What do I do if my pet has a tick? 
Promptly removing a tick upon discovering one is the easiest way to prevent disease transmission. Call your veterinarian to remove a tick properly. If you do not pull the tick off just right, the head can remain attached and will continue to infect your pet, so it is critical that you call your veterinarian immediately to remove the tick in its entirety. During tick season, try using a tick preventative to reduce your pet's chances of acquiring ticks, especially if taking your pet through heavily infested areas when hiking or camping. 

Hookworm, Roundworm, Tapeworm, and Whipworm

Hookworm, Roundworm, Tapeworm, and Whipworm

Dogs and cats can be victims of intestinal parasites also knows as worms. The most commons intestinal parasites your pet can encounter are: Roundworms, Hookworms, Whipworms and Tapeworms. These worms are microscopic and must be seen under microscope except for two : Roundworms and Tapeworms. Pets who present themselves to the veterinary clinic with what seems like white rice grains in the stool are indicative to the adult form of Roundworm or Tapeworm.

Symptoms that pets have worms:

  • Diarrhea
  • Blood in stool
  • Weight loss
  • Dry skin/coat
  • Vomiting (absence or presence of worms)
  • Lethargy

However, some worm infestations can cause few or no symptoms; in fact some larvae can be dormant in a pet's body and activated only in times of stress or when the immune system is low.

Roundworms - Generally, puppies and kittens are born with larvae in their tissues. They are normally transmitted during the gestation period through the mother's tissues or during the lactations period through the infected mother's milk. The eggs generally migrate in the small intestine for the remainder of their lives, although some adult worms will migrate to the lungs and are either coughed up or swallowed to relive the cycle. Symptoms to look for in our young pets are distended abdomens (pot-belly) and poor growth. The adult worms can be seen in vomit or soft stool. Roundworms can infest adult dogs and cats, too. Without treatment of a roundworm infestation, a fatal intestinal blockage can arise.     

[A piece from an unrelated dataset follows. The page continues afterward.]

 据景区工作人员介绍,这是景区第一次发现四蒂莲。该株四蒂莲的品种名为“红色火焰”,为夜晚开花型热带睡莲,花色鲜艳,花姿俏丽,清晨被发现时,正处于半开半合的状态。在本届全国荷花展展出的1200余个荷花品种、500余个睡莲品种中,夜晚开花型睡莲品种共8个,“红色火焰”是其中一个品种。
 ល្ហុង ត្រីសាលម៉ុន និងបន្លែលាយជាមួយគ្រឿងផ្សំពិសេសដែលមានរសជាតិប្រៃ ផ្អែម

Whipworms - More often seen in dogs than cats. Adult whipworms shed fewer eggs which makes it very hard for a veterinarian to diagnose. That being said, your veterinarian may need to repeat several stool samples before seeing any presence of whipworms. Dogs that live in unsanitary places, where whipworms are present such as kennels, or present themselves with diarrhea, mucus in the stool and considerable weight loss, the veterinarian may prescribe a whipworm medication based upon circumstantial evidence.  

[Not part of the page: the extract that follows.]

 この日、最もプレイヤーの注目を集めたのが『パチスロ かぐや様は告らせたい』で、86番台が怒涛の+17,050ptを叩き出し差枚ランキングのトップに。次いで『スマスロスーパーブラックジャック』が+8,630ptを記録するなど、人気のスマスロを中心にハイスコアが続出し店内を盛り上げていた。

Hookworms - Like Whipworms, Hookworms are generally seen in dogs than in cats. They are small in size, thin and attach themselves to the wall of the small intestine. Dogs contract hookworms during gestation, lactation or from direct contact with the larvae in contaminated soil.  A large infestation of hookworms can cause severe anemia and lead to death. Older dogs presenting with lethargy, chronic weight loss, soft stool or blood in the bowel movements can relate to a chronic hookworm infestation. A diagnosis can be made by examining the feces for larvae under a microscope.

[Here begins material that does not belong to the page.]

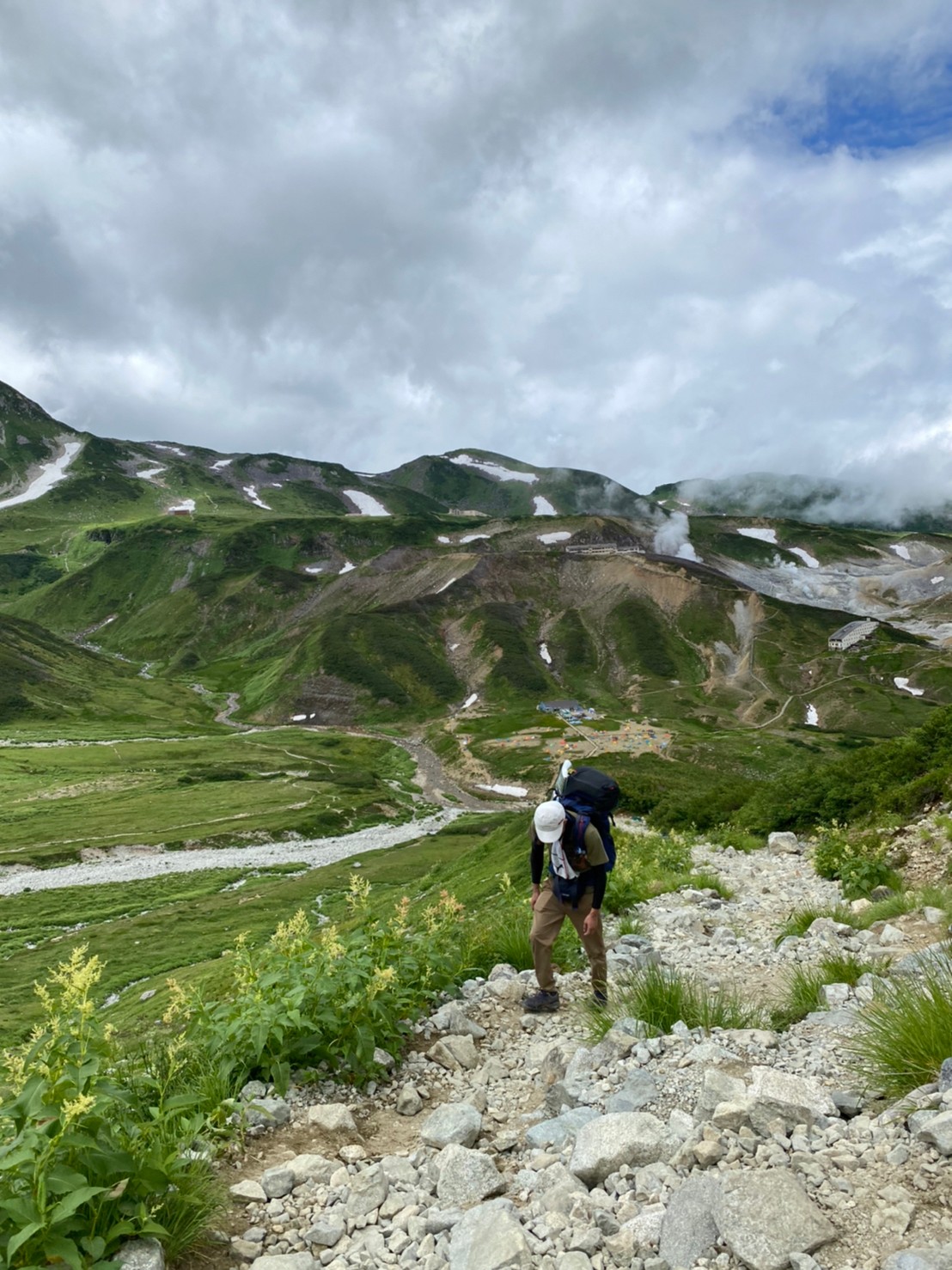 雨あがっており、曇り~薄霧。朝食を済ませさっとテントを撤収。事前計画では3日目に立山縦走としていたが、午前霧・午後雨の予報にて前日にはパスと決定済みにて、わずかに見える剱岳山頂の輪郭に別れを告げて室堂への直行下山開始。剱御前小屋から雷鳥沢キャンプ場へ下り始めて20~30分程経ち、Ⅿ戸さんの野外トイレ待ちの間にF谷がお金・免許証・保険証の入ったジップロックが無いことに気づき、単身空身で剱御前小屋トイレに登り返し、雨の中メンバー待機約1時間のミスあり。その後はしっかりとした雨の中、ドボドボになりながら室堂センターに到着。温泉、昼食をまったりと過ごし帰路につき、米原の暑さに驚いて解散となる。

Tapeworms - Tapeworms are transmitted to dogs and cats by ingesting fleas. Owners who see rice like grains in their pets stool, without having fed rice to your animals the night before should come directly to their veterinary clinic to have their stool analyzed. You may also notice little segments attached to your pet's fur around the anus or under the tail. Tapeworms must be treated with veterinary care.

If your pet has any or multiple symptoms or have seen something odd in your pet's stool, please call your veterinarian at your earliest convenience.